This fall I blogged a Mary Oliver poem, “The Fire,” that is germane to #MeToo. I mentioned that I couldn’t get behind the moment despite being in it along with everyone else. That remains true for several reasons.
One of the reasons #MeToo concerns me is that we are living in a global surveillance state, “social media” companies are surveillance companies, and a lot of people, especially vulnerable young people, gave up a lot of intimate information thinking it was to “friends” when it was really to these state-allied corporations. Taboo-smashing: good. Kompromat: bad. No Institutional Review Board worth its paper would have ever approved research asking the things people routinely disclosed, under the terms and conditions that these companies tend to handle this data. Facebook especially knew this, had an ethical duty to inform users of relevant risks, and was silent. Their legal duties in this context are an open question. (As mentioned in a previous post, I recently deleted my Facebook account.)
The longer poem in this set is about a completely different reason #MeToo concerned me. Namely, that there is no win. There is no winning a sexual harassment complaint in academia or in most workplaces, where complaining usually results in retaliation. There is no win in criminal justice. There is no win in restorative justice. There is no win in any conception of justice I can conceive. So #MeToo directs limited attentional resources toward an area where there is no win, putting the #MeToo speaker in a victim role with no obvious, empowered exit. This role can have significant psychological, social, and professional costs. One could argue the speaker was already there; but only privately, not publicly, and that matters.

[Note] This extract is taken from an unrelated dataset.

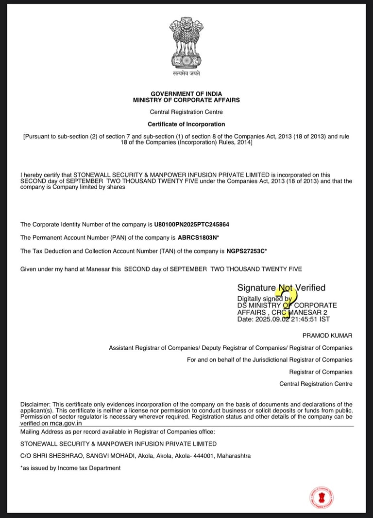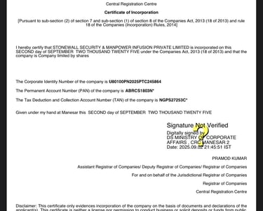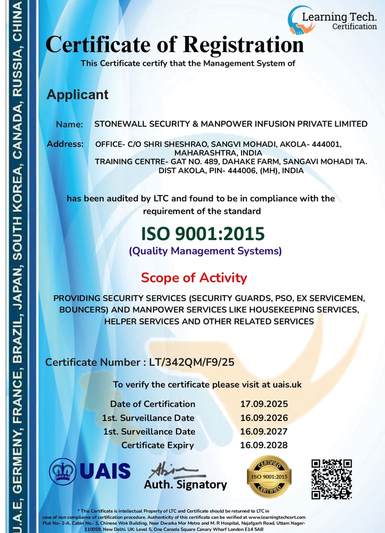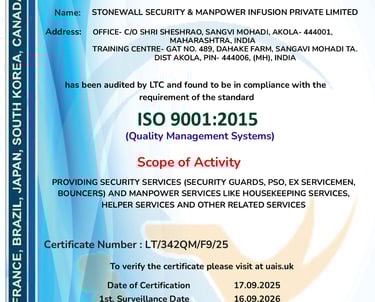 At STONEWALL SECURITY & MANPOWER INFUSION PRIVATE LIMITED, we combine trust, professionalism, and quality to deliver reliable security and manpower solutions. As a government-registered company (CIN: U80100PN2025PTC245864) and ISO 9001:2015 certified, we ensure the highest standards of service.

Of course it is brave to face one’s vulnerability for greater good. Of course we must deal with the past so we are less likely to repeat its mistakes and patterns. Of course we must talk about sex and power. But I think in addition to very real and political privacy concerns—as well as due process concerns others have covered—something that has been missing from this conversation is a recognition that humanity must live with (most of) its monsters. We are incapable of solving the problem of evil, without becoming what we hate. So we have to love, if we want to nurture what makes us human social and political animals instead. And that has been missing in the pain and anger of the outcry, as it usually is, for completely understandable reasons. But people who heal get past that—once they are in the black cognitively and emotionally. And I hope society will, too.

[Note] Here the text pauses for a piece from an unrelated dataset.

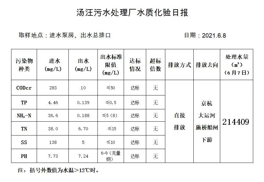 汤汪污水处理厂水质化验日报(2021.6.8)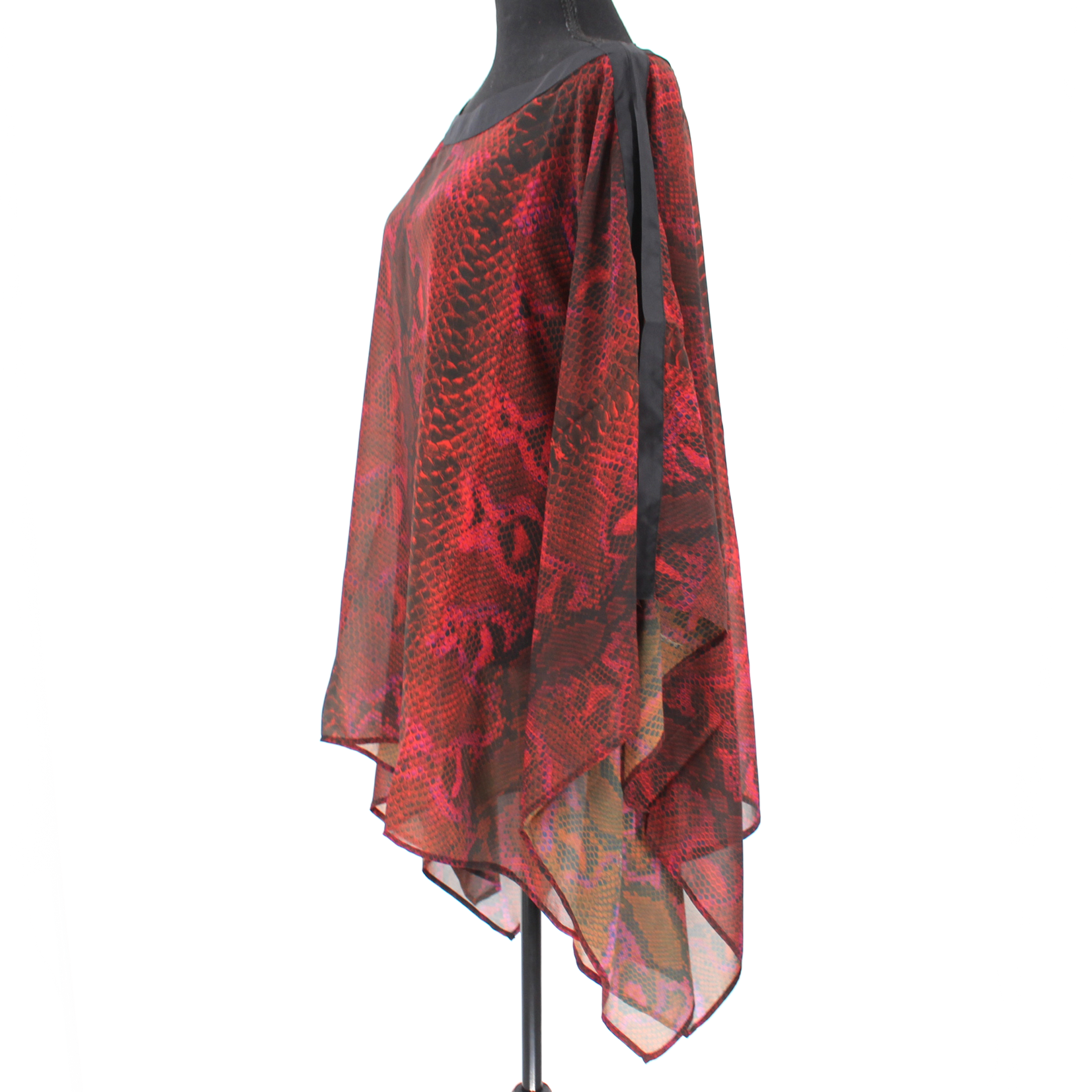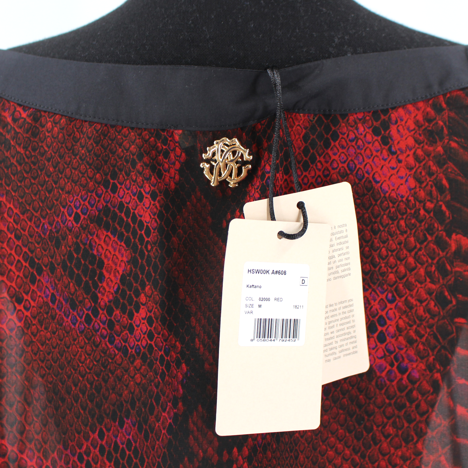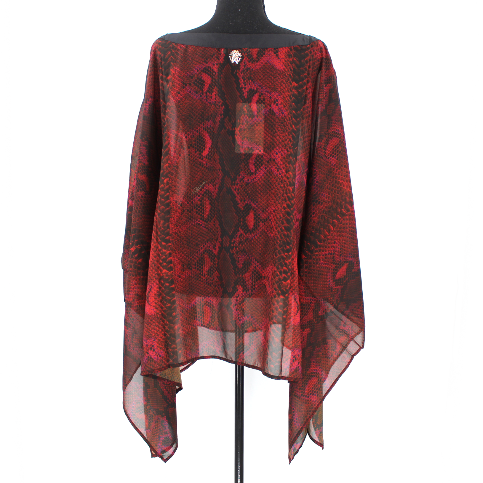 Roberto Cavalli Beachwear Kaftano Red Snake Print Draping Cover Up Top.

“In the Black,” oils on 40 x 50 cm stretched canvas.
“They Too”
1.
Not by pain
and not by pleasure
but by reliving
at your leisure.
So harsh at first,
and then more gently,
feel the thirst
to understand—
the agony,
to take no stand.
There is no win
in crying sin
to blue bishops with guns
who murder black sons.
They rarely believe you.
More rarely prove what’s true
for the value of proof
that for us too remains aloof.
Nor in asking a friend
to bring things to a talking end.
Monsters rarely apologize,
can’t look you in the eyes,
and are only men after all.
You might make them feel small.
If they were to apologize,
do you imagine the pain dies?
Words don’t undo deeds.
Pain creates needs.
From simple cruelty, complex misery.
But weren’t you always jittery?
No one wants to pay
for a pre-existing condition,
or has much to say
when he knows damn well
he didn’t have permission.
In a perfect world except for this,
where you are a rich princess
and he is a bum,
it would be dumb
to go after him for damages (savages).
So it is that only you have the gold
to fix your own cracks.
A powerlessness tax. Old.
Get out your kintsugi glue.
Forget him. Do you.
2.
All you can do
is reinvent the wheel,
puzzling out what you think,
how you feel,
until you know what’s true—
and then you know what you have to do.
You are not performing surgery on that scar.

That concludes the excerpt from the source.